Attacks from hackers can occur from unsecure hotspots such as the hotel lobby or cafe.

"They can trick data deprived users into connecting and once connected, the attacker can begin running a man-in-the-middle (MITM) attack to obtain sensitive information like passwords and emails," Smith said.

Cellular connections from your phone or a mobile 3/4G connection, are "typically safer than WiFi because it is more difficult to get 'in the middle' of your web traffic," said Ryan Manship, a security practice director of RedTeam Security, a cybersecurity firm in St. Paul, Minn. Hackers would have to "spoof" the point of connection without the person knowing and travelers can easily check their phone or hotspot to see if additional connections are added to the device, he said.

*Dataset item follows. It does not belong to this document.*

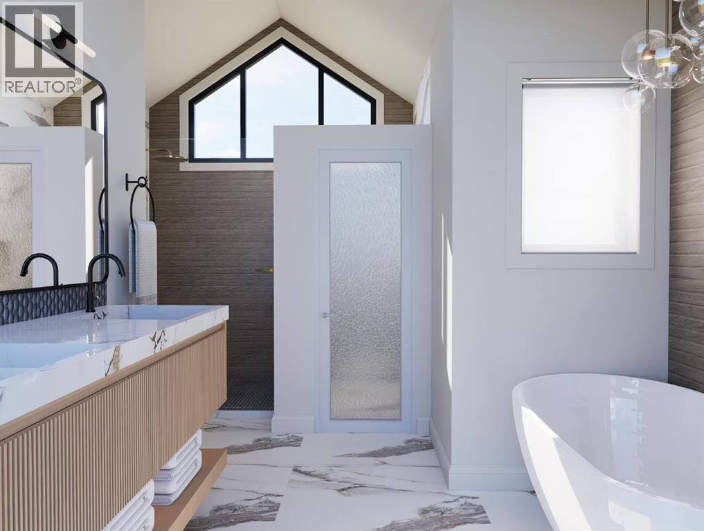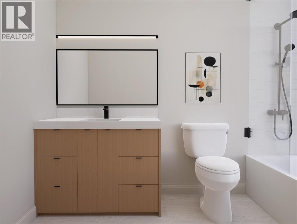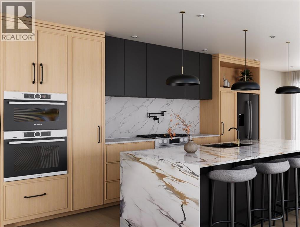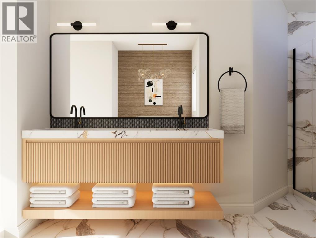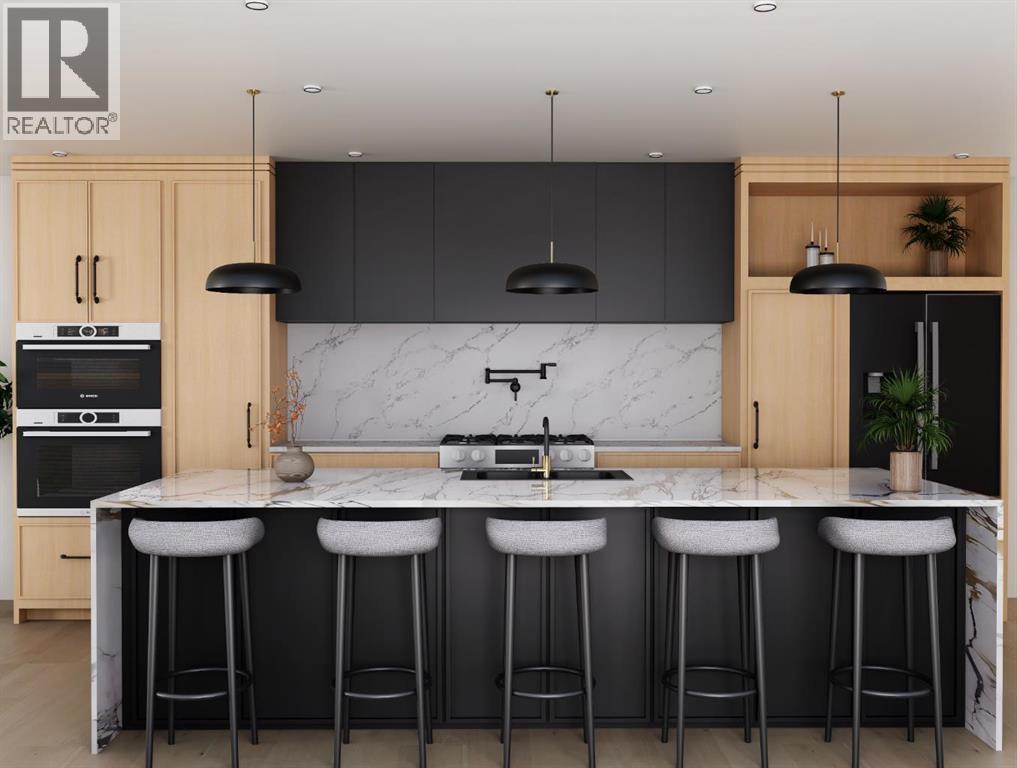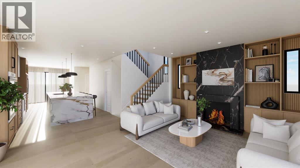 BIRCH HILL CUSTOM HOMES PRESENTS | MODERN LUXURY DUPLEX IN KILLARNEY | SPRING 2026 POSSESSION | 2,800+ SQFT OF DEVELOPED SPACE | 4 BEDROOMS | 3.5 BATHROOMS | EXTRA-DEEP 125’ LOT WITH EXPANSIVE WEST-FACING BACKYARD | Brand New Designer Duplex in Killarney – Modern Elegance Meets Timeless Craftsmanship. Experience the pinnacle of inner-city living with this exquisite, newly constructed side-by-side duplex in the highly sought-after community of Killarney. Spanning over 2,800 sq ft of impeccably designed space, this residence offers 4 spacious bedrooms and 3.5 bathrooms, blending architectural sophistication with a warm, inviting palette inspired by modern luxury design. The exterior makes an unforgettable first impression with its striking board-and-batten Hardie Plank siding in Timber Bark, accented by Castlewood brick and sleek black trim. Designer lighting and rich textural details complete the curb appeal, setting the stage for the elegance that awaits inside. Step into a bright, open-concept main floor where natural light dances across wide-plank Nouveau Prelude Snow hardwood floors. A stunning floor-to-ceiling fireplace with custom millwork anchors the living space, complemented by clean architectural lines and contemporary lighting. The chef’s kitchen is a showpiece, featuring custom cabinetry in soft, neutral tones, a waterfall quartz island adorned with champagne bronze fixtures, designer pendants, and a full-height backsplash that elevates the entire room. Upstairs, retreat to a private primary suite that feels like a boutique hotel, complete with a wall-mounted fireplace, custom walk-in closet, and a spa-inspired ensuite. This serene escape showcases oversized porcelain tile, a freestanding soaker tub illuminated by a chandelier, dual quartz-topped vanities, and a frameless glass shower with luxury fixtures. Secondary bedrooms offer abundant space and style, paired with a beautifully appointed main bathroom. The fully finished basement continues the refined design with a spacious family lounge, a sophisticated wet bar with quartz counters and designer backsplash, an additional bedroom, and a full bathroom perfect for hosting guests or creating a private home office. Every detail has been carefully curated, from the powder room’s console sink with fluted paneling and terrazzo tile flooring to the designer laundry room with custom cabinetry and chic patterned tile. A landscaped west backyard and detached double garage complete the home, offering both beauty and practicality. Located minutes from boutique shops, top-rated schools, lush parks, and Calgary’s downtown core, this home perfectly balances high-end finishes with everyday functionality. Indulge in the artistry of modern living. This brand-new luxury duplex in Killarney is move-in ready and designed to exceed expectations. (id:6769

"To execute any real type of MITM attack, the attacker would need to be capable of both spoofing a cell tower and hacking the carrier, which would be a rather sophisticated attack," Manship said. "Always make sure the sites you are connecting to use HTTPS and never ignore warnings from your web browser that the site or connection may be insecure." 

A MITM attack occurs when a malicious eavesdropper or the "man in the middle" is able to read the data when you are browsing a website.

"The attacker is typically a link in the chain through which data travels as it goes from you to the website or vice versa and they have been able to successfully impersonate each side to the other, hence getting total access to the communication," said Emmanuel Schalit, CEO of Dashlane,a New York password manager company. "Delete WiFi networks from your devices that aren't yours and make sure to secure your WiFi connection with a unique, private password."

Even WiFi connections provided by a company at a conference can be vulnerable to an attack.

"When using a WiFi network that one is not familiar with, VPNs play an important role in helping to ensure the security and safety of financial and other transactions," said Borenstein. "Keeping mobile apps up-to-date is also important both for stability and security and using anti-malware technology on a mobile device is becoming an increasingly common option for security."

Depending on the number of people attending a conference, the WiFi signals can "collide with each other and essentially make it so no one can use WiFi even if it is from your mobile hotspot," said Janice Ting, a product marketing manager at Netgear, a San Jose, Calif.-based networking products manufacturer.

A mobile hotspot can be a good alternative because once you connect to a mobile hotspot, all of your devices will remain connected and you can avoid logging in again.

"A mobile hotspot is also ideal because of the powerful battery," she said. "I can keep working on the Internet and save the battery life of my phone for more phone calls and texts."